• Your task: Starting from the line with "HARTMAN Provence Crossleg" and going up to and including the line with "-Pants with elastic", copy the listing below exactly. Leave all images out.

• Supplied data:
______________________________
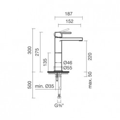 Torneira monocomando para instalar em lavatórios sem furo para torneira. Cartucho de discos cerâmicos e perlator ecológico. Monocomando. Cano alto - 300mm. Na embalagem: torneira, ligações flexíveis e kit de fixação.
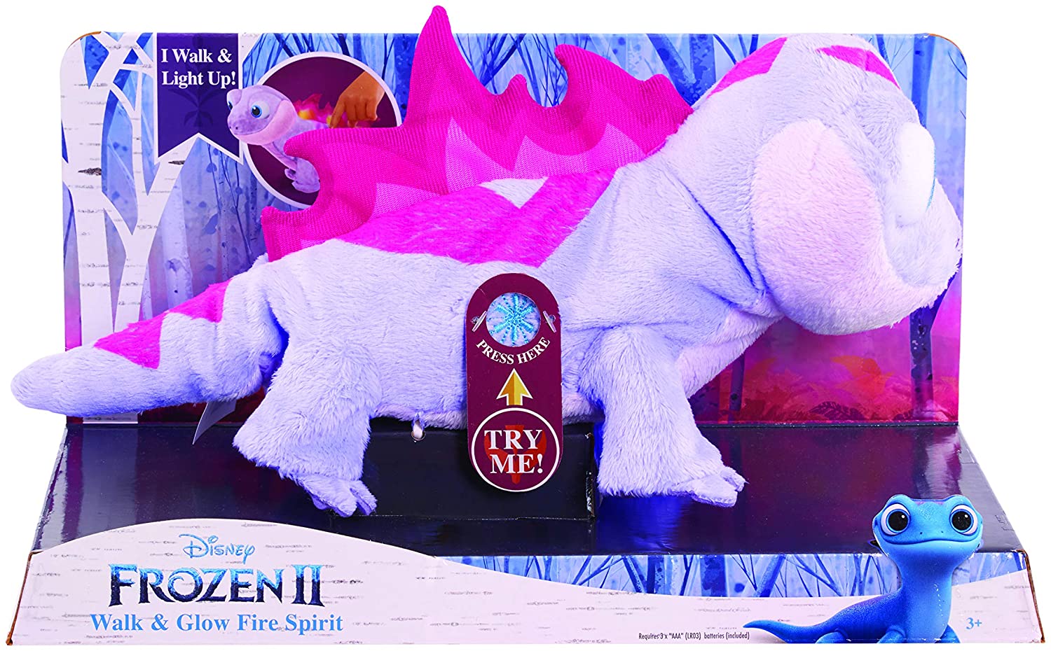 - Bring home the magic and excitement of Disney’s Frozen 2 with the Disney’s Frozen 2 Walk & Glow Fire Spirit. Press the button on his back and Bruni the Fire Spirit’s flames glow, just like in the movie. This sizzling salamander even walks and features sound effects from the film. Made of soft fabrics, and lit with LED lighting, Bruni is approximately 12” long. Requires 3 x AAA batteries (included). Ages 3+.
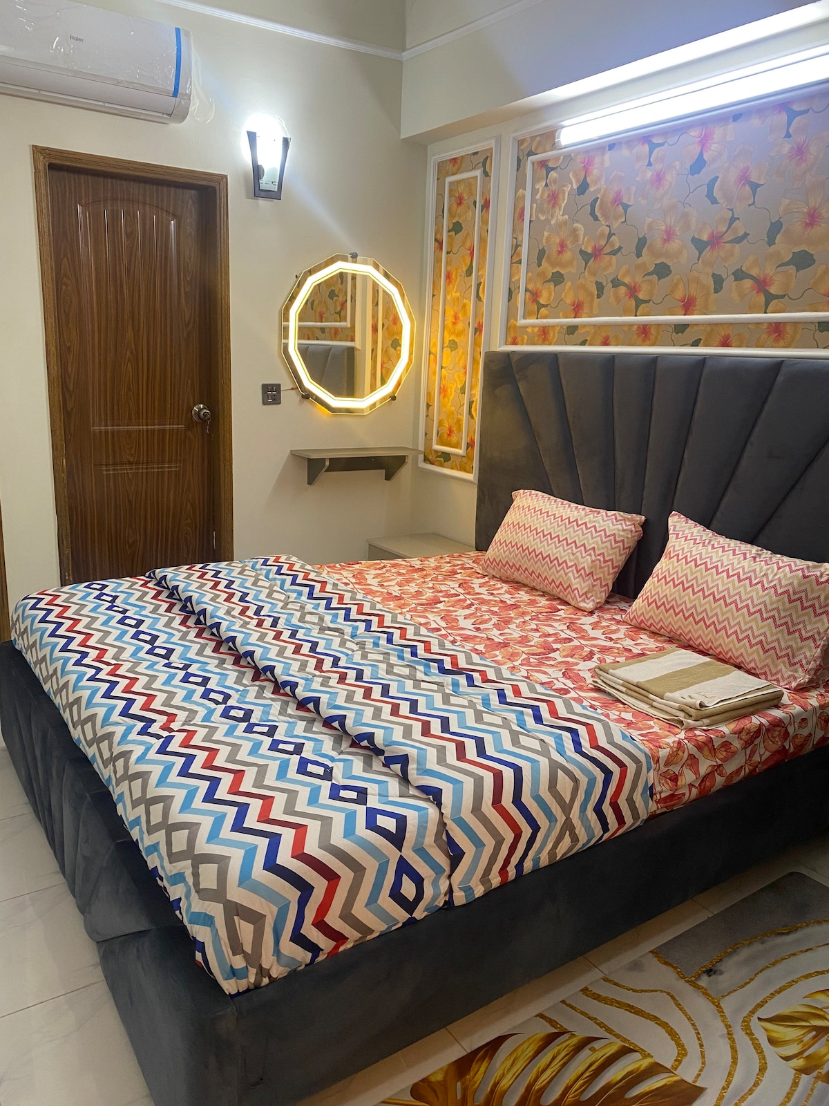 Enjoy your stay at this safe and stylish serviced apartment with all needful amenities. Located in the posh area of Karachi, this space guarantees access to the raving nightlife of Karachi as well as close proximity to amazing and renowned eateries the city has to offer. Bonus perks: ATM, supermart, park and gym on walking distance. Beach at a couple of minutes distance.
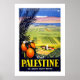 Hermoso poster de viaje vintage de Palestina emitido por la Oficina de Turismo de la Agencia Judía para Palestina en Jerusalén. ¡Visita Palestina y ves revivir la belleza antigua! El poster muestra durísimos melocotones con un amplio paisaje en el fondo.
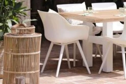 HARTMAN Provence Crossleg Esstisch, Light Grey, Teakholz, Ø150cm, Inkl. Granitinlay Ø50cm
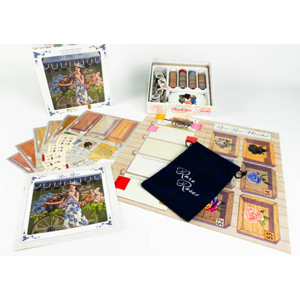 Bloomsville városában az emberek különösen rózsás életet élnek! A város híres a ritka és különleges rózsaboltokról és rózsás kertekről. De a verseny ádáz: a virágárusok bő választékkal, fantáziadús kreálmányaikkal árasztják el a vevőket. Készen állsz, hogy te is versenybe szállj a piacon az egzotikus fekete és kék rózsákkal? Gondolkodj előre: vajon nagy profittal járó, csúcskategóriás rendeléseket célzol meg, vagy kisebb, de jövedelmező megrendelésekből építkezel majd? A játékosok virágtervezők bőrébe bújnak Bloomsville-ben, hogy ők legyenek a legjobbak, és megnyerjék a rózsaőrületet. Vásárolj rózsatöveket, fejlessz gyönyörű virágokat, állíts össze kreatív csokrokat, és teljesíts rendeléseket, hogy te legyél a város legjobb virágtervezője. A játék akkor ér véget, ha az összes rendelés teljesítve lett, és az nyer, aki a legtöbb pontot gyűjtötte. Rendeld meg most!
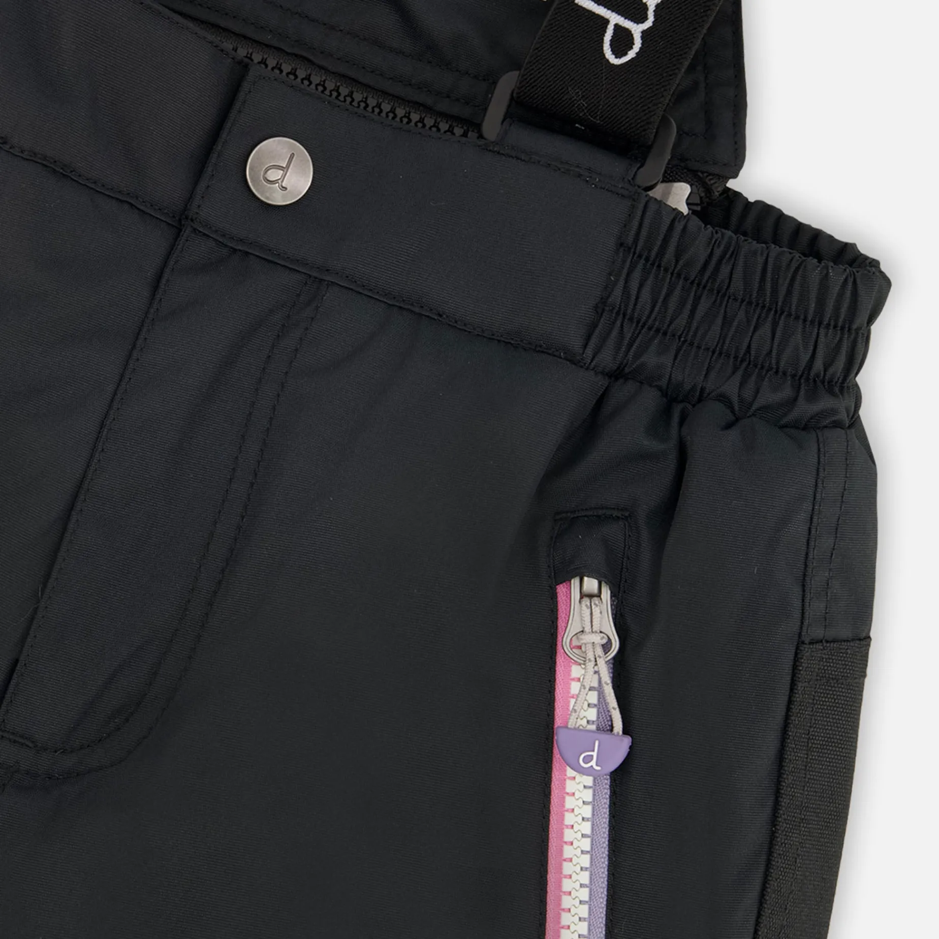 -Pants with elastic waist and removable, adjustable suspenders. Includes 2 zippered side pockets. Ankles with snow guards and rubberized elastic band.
______________________________
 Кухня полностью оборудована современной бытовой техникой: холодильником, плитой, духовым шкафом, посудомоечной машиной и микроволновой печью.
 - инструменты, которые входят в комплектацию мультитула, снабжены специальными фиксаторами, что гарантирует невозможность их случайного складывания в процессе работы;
______________________________
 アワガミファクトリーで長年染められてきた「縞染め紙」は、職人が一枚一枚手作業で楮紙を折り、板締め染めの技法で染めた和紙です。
______________________________
• Answer space:
 HARTMAN Provence Crossleg Esstisch, Light Grey, Teakholz, Ø150cm, Inkl. Granitinlay Ø50cm
 Bloomsville városában az emberek különösen rózsás életet élnek! A város híres a ritka és különleges rózsaboltokról és rózsás kertekről. De a verseny ádáz: a virágárusok bő választékkal, fantáziadús kreálmányaikkal árasztják el a vevőket. Készen állsz, hogy te is versenybe szállj a piacon az egzotikus fekete és kék rózsákkal? Gondolkodj előre: vajon nagy profittal járó, csúcskategóriás rendeléseket célzol meg, vagy kisebb, de jövedelmező megrendelésekből építkezel majd? A játékosok virágtervezők bőrébe bújnak Bloomsville-ben, hogy ők legyenek a legjobbak, és megnyerjék a rózsaőrületet. Vásárolj rózsatöveket, fejlessz gyönyörű virágokat, állíts össze kreatív csokrokat, és teljesíts rendeléseket, hogy te legyél a város legjobb virágtervezője. A játék akkor ér véget, ha az összes rendelés teljesítve lett, és az nyer, aki a legtöbb pontot gyűjtötte. Rendeld meg most!
 -Pants with elastic waist and removable, adjustable suspenders. Includes 2 zippered side pockets. Ankles with snow guards and rubberized elastic band.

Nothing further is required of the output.